#### What you have to do:
Would you please retype, exactly, the lines of the listing below between the line with "Coque de téléphone portable" and the line with "Odonil Ocean Breeze, Sensual", inclusive?

#### Records supplied:
----------
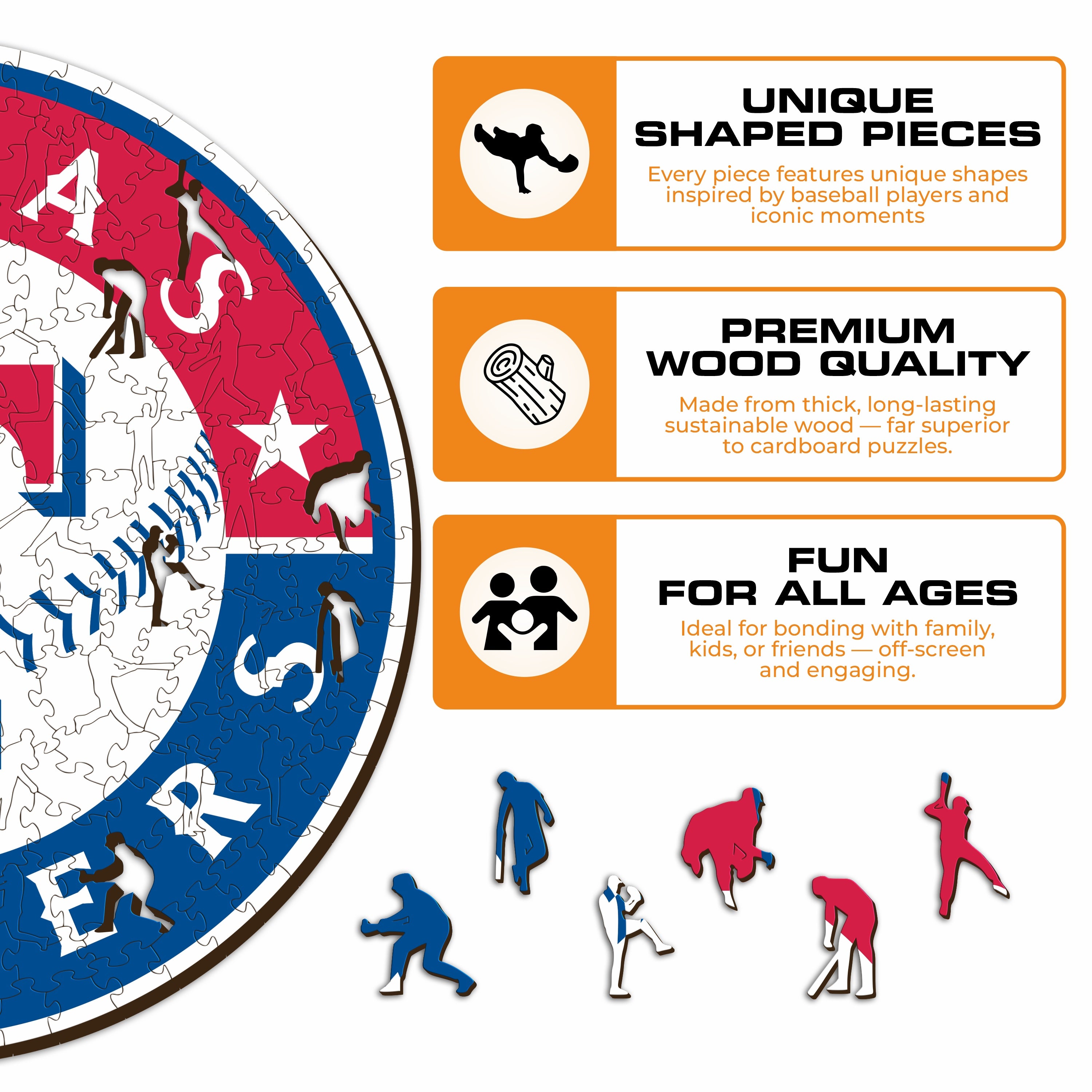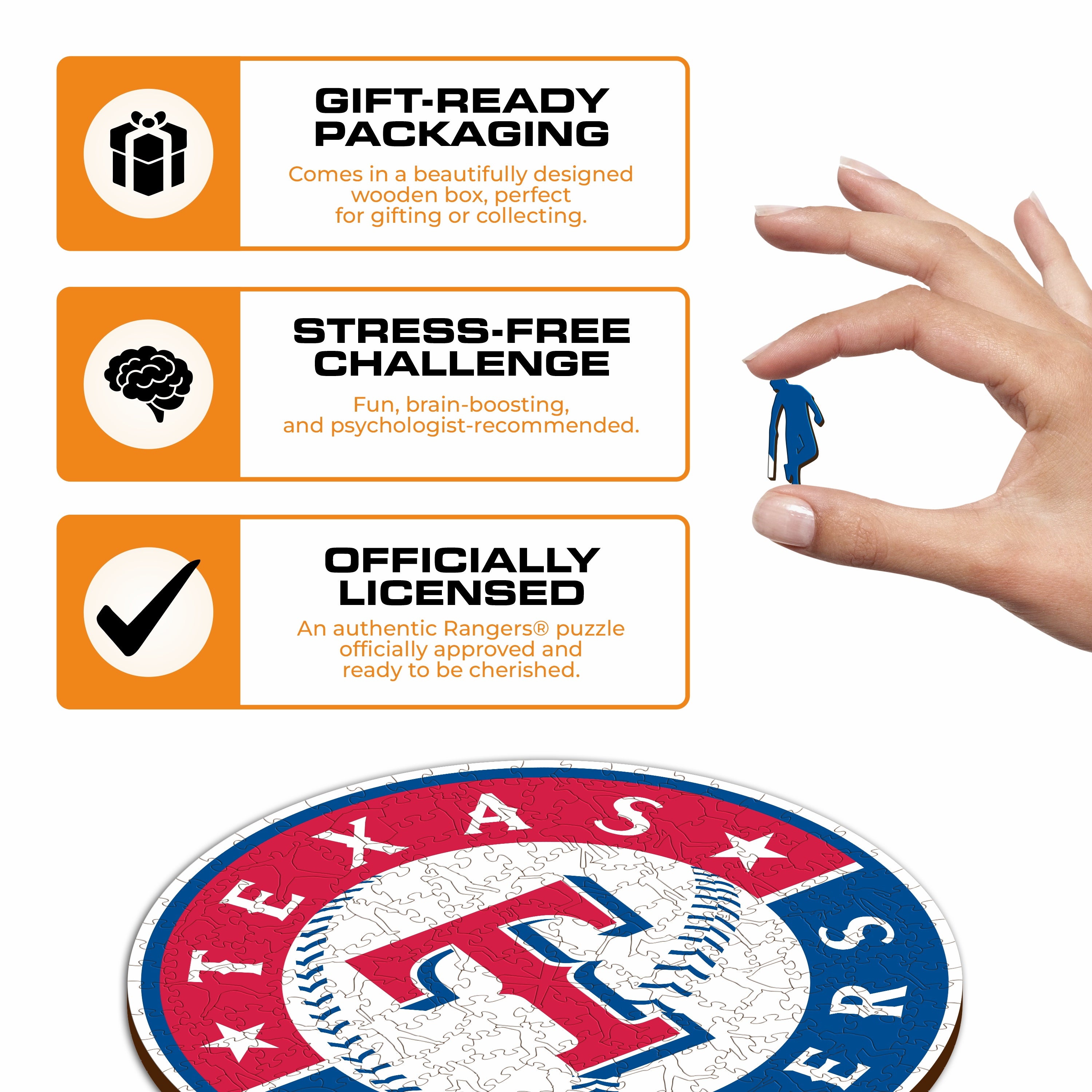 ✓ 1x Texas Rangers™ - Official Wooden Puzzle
----------
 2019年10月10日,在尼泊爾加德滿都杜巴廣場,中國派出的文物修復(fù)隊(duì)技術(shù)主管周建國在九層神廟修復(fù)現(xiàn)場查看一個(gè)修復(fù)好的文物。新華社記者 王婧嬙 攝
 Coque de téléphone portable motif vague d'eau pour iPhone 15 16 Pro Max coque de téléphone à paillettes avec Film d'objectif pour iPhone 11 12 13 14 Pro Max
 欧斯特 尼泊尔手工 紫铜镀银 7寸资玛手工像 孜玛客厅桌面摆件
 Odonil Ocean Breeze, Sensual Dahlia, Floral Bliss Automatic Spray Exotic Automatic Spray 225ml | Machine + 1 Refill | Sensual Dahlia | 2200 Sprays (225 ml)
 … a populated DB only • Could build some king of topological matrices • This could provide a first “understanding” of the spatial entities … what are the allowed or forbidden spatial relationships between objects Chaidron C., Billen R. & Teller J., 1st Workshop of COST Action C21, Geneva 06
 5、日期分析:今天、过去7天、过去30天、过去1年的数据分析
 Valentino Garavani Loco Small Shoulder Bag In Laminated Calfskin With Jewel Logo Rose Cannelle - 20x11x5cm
----------
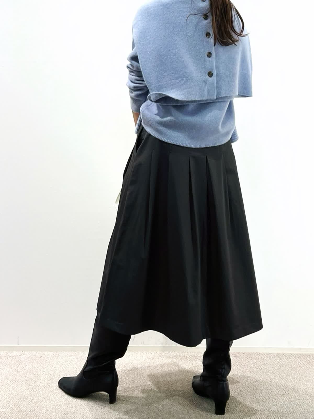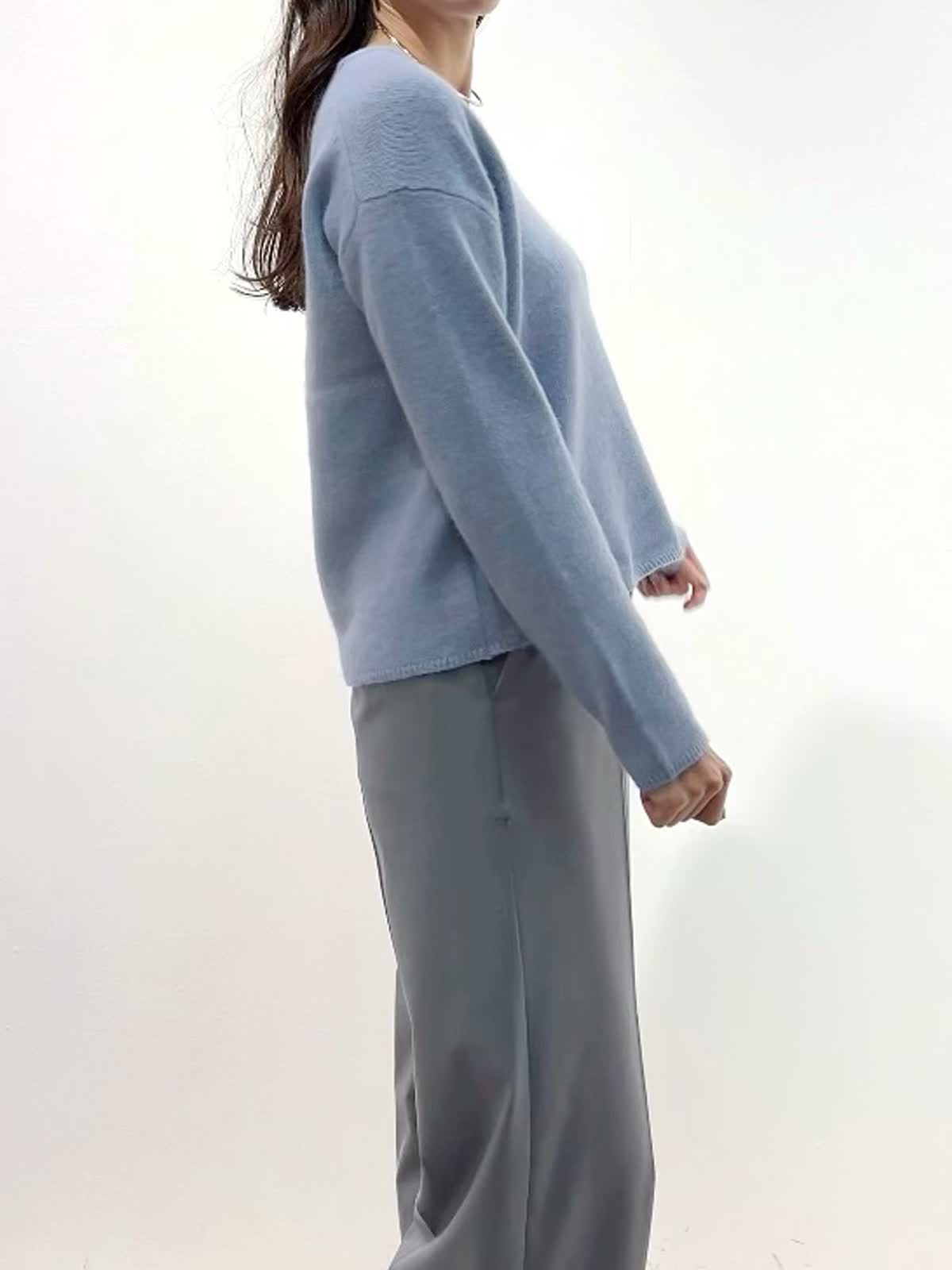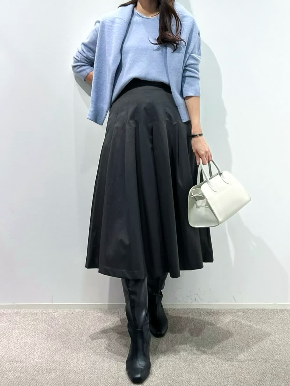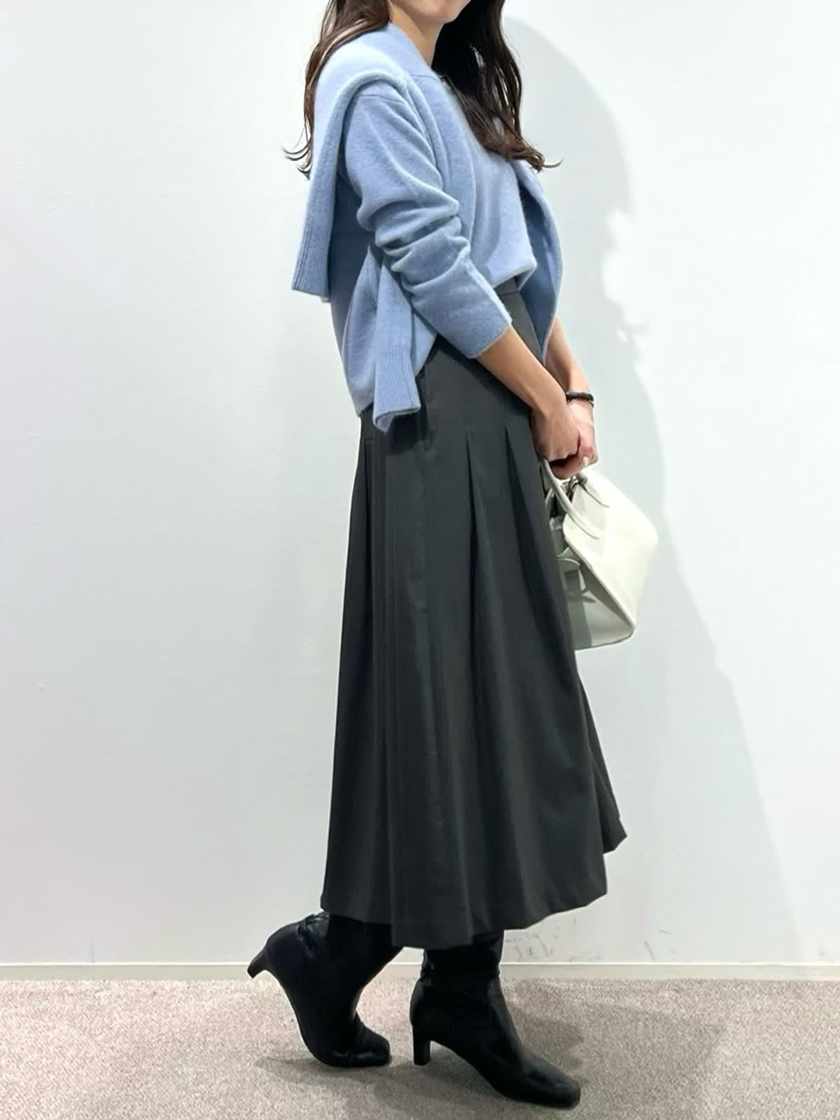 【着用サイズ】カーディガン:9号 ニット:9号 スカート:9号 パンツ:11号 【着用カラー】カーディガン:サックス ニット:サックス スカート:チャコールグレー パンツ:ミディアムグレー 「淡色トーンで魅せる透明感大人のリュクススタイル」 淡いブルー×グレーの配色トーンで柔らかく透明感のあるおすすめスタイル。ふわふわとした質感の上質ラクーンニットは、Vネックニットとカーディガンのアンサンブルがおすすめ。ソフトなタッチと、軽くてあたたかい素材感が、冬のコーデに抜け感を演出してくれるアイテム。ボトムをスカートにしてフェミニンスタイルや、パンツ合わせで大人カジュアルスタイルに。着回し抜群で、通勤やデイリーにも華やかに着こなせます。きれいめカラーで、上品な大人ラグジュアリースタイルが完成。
----------
#### Reply:
 Coque de téléphone portable motif vague d'eau pour iPhone 15 16 Pro Max coque de téléphone à paillettes avec Film d'objectif pour iPhone 11 12 13 14 Pro Max
 欧斯特 尼泊尔手工 紫铜镀银 7寸资玛手工像 孜玛客厅桌面摆件
 Odonil Ocean Breeze, Sensual Dahlia, Floral Bliss Automatic Spray Exotic Automatic Spray 225ml | Machine + 1 Refill | Sensual Dahlia | 2200 Sprays (225 ml)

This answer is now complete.